Boycott not the best way to protest human rights abuses

The semi-secret Olympic torch relay in San Francisco Wednesday was an embarrassing harbinger of things to come as the U.S. and other western democracies determine how to deal with this summer's Olympic Games in Beijing, China. San Francisco and Olympic officials were forced to hold torch ceremonies in secret because thousands of angry demonstrators filled the city's streets to protest human rights abuses by China's Communist government.

Some international observers want to boycott the Beijing Olympics because of the Chinese government's bloody crackdown on Tibetan dissidents and its wholesale human rights violations. Although I oppose a boycott because I don't want to punish the athletes, I think President Bush and our government should be more forceful in holding China's feet to the fire on human rights.

Much as Hitler did in bringing the 1936 Olympics to Nazi Germany, China's leaders wanted to hold the Games in Beijing in order to legitimize their repressive regime. As a recent Washington Post editorial noted, "This year's games were to mark (China's) debut as a global power, with a booming economy and rapidly modernizing society. Instead, it's beginning to look as the though the games could become a showcase for violent repression, censorship and political persecution ..." Not a pretty picture.

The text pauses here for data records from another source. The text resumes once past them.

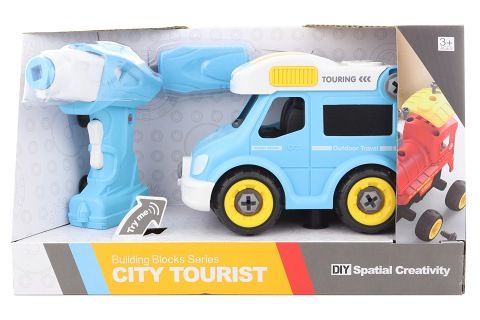 Šroubovací karavan na dálkové ovládání. Karavan lze sešroubovat pomocí přiloženého šroubováku nebo vrtačky. Z vrtačky lze vyndat motorek, který se vloží do karavanu a ten poté jezdí pomocí ovládání dopředu a dozadu. karavan také vydává zvuky. Napájení na 4 AA baterie (nejsou součástí) a na 3 AG13 baterie (jsou součástí). Rozměry karavanu cca 18 x 13,5 x 8,5 cm. Rozměry balení cca 33,5 x 19,5 x 13,5 cm. Věk 3+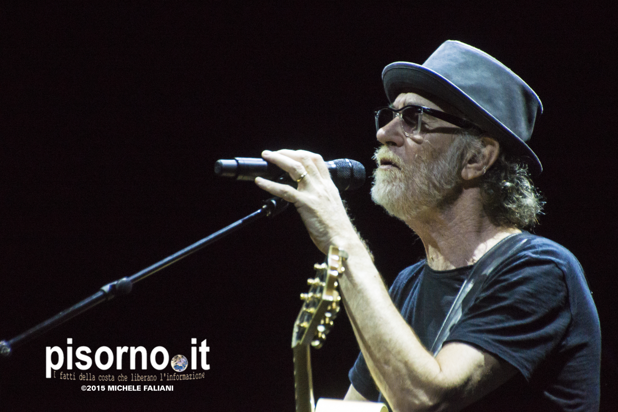 L’inizio, per esempio: De Gregori e la sua band attaccano con “Lettera da un cosmodromo messicano”, brevissima canzone che chiude l’album “Miramare” del 1989. A seguire “Ti leggo nel pensiero”, un bellissimo dialogo con Dio, uno degli inediti della raccolta “Mix”. La band, che segue De Gregori ormai da anni (Guido Guglielminetti al basso, Alessandro Arianti alle tastiere, Elena Cirillo al violino, Lucio Bardi e Paolo Giovenchi alle chitarre, Alessandro Valle alla pedal steel guitar e ai mandolini, Stefano Parenti alla batteria, più una sezione fiati), va come una scheggia. Bellissimi nuovi arrangiamenti, specialmente su “Il canto delle sirene” e “L’abbigliamento di un fuochista”. Il momento che ho preferito di tutto il concerto è stata l’esecuzione di “Falso movimento”, forse l’episodio più bello di “Sulla strada”, nella quale Ciccio ha sostituito il verso ‘Che dici, sarà il caso di ordinare?’ con ‘Desideri qualcosa di speciale?’. E poi c’è stato il momento che non ti aspetti, quello in cui Luigi Grechi, folksinger fratello di Francesco, sale sul palco per duettare ne “Il bandito e il campione” e per eseguire “Senza regole”.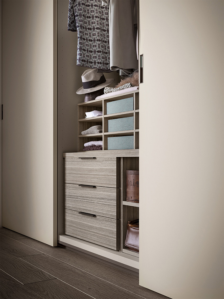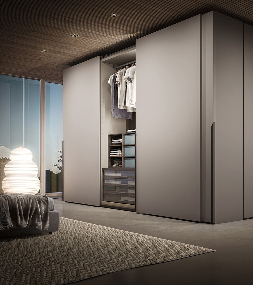 The Simple modular wardrobe is available with hinged or sliding doors and is an element that cannot be renounced in a self-respecting bedroom, well furnished and functional.

In a moderate response to China's crackdown on protesters, President Bush urged his Chinese counterpart, Hu Jintao, to halt the violence in Lhasa and to consult with representatives of the Dalai Lama, Tibet's spiritual leader. U.S. Speaker of the House Nancy Pelosi (D-Calif.) was more outspoken, calling on Bush and the world to denounce China's brutal tactics in Tibet and describing the crisis as "a challenge to the conscience of the world."

"If freedom-loving people throughout the world do not speak out against Chinese oppression, we have lost all moral authority to speak on behalf of human rights anywhere in the world," Pelosi said during a recent visit to the Dalai Lama in Dharmsala, India, where the Tibetan leader has lived in exile for many years.

Street protests against Chinese oppression in Tibet turned violent in mid-March, prompting a brutal response by China, which sent armed troops into the streets of Lhasa. The Chinese government says 22 people have died so far in the rioting, while Tibetan exiles claim that the death toll is closer to 140. Downtown Lhasa began to resemble Beijing's Tiananmen Square, where hundreds of democracy advocates were slaughtered in 1989. Meanwhile, as Red Army troops were killing unarmed protesters, the U.S. State Department inexplicably removed China from its annual list of the world's worst human rights offenders - a decision that made no sense.

"The world community has a real responsibility to bring China into the mainstream," the Dalai Lama told Time magazine in an interview late last year. He asserted that the whole world stands to gain from a peaceful approach, especially the 6 million Tibetans in China and Chinese-occupied Tibet, which Beijing considers to be a Chinese province. "Genuine harmony must come from the heart," the Dalai Lama added. "It cannot come from the barrel of a gun."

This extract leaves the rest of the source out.